The DAG below implements the TriggerDAGRunOperator to trigger the DAG target_dag_1_0 as defined in the variable (that you have to create) target_dag_version.

# Trigger DAG
from airflow.models import DAG
from airflow.operators.trigger_dagrun import TriggerDagRunOperator
from airflow.decorators import task
from datetime import date, datetime
with DAG('trigger_dag', schedule_interval='@daily', start_date=datetime(2022, 1, 1), 
catchup=False) as dag:
@task
def start():
print("nothing special here")
return 42
trigger = TriggerDagRunOperator(
task_id='trigger',
trigger_dag_id='target_dag_{{ var.value.target_dag_version }}',
conf={
"data": "{{ ti.xcom_pull(task_ids='start') }}"
},
execution_date='{{ ds }}',
reset_dag_run=True,
wait_for_completion=True,
poke_interval=60,
)
@task
def end():
print("same here, just a placeholder")
start() >> trigger >> end()

Then the target DAG:

# Target DAG
from airflow.models import DAG
from airflow.decorators import task
from datetime import datetime
default_args = {
'start_date': datetime(2020, 1, 1)
}
with DAG('target_dag_1_0', schedule_interval=None, 
start_date=datetime(2022, 1, 1), catchup=False) as dag:
@task()
def start(dag_run=None):
# Data received from the TriggerDagRunOperator
print(dag_run.conf)
start()

The TriggerDagRunOperator is perfect if you want to trigger another DAG between two tasks like with SubDAGs (don’t use them 😉). I tend to use it especially for cleaning metadata generated by DAG Runs over time.

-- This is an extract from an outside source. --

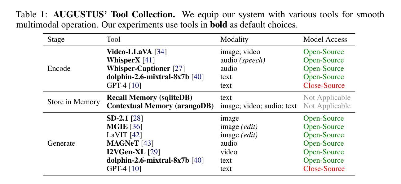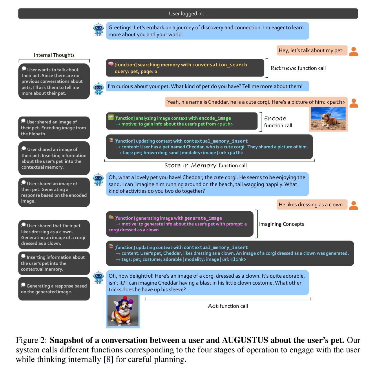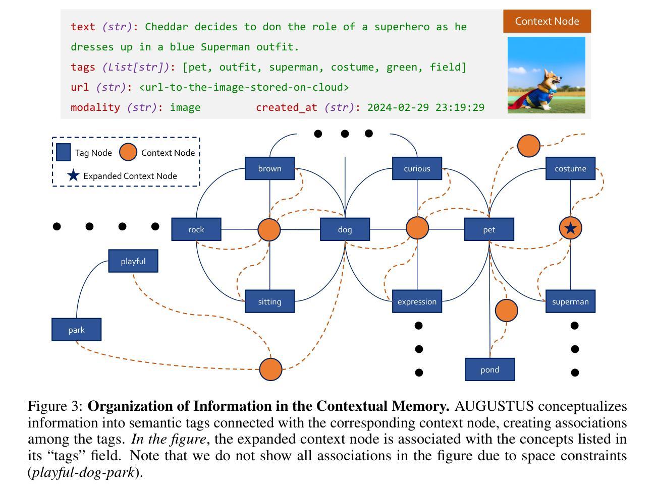 4.AUGUSTUS系统包括编码、存储、检索和行动四个关键阶段。 - 该系统采用概念化信息为语义标签,并将其与上下文关联存储在图形结构的多模态上下文记忆中。

The ExternalTaskSensor for Dag Dependencies

Ideal when a DAG depends on multiple upstream DAGs, the ExternalTaskSensor is the other way to create DAG Dependencies in Apache Airflow. Harder to use than the TriggerDagRunOperator, it is still very useful to know. Instead of triggering explicitly another DAG, the ExternalTaskSensor allows you to wait for a DAG to complete before moving to the next task.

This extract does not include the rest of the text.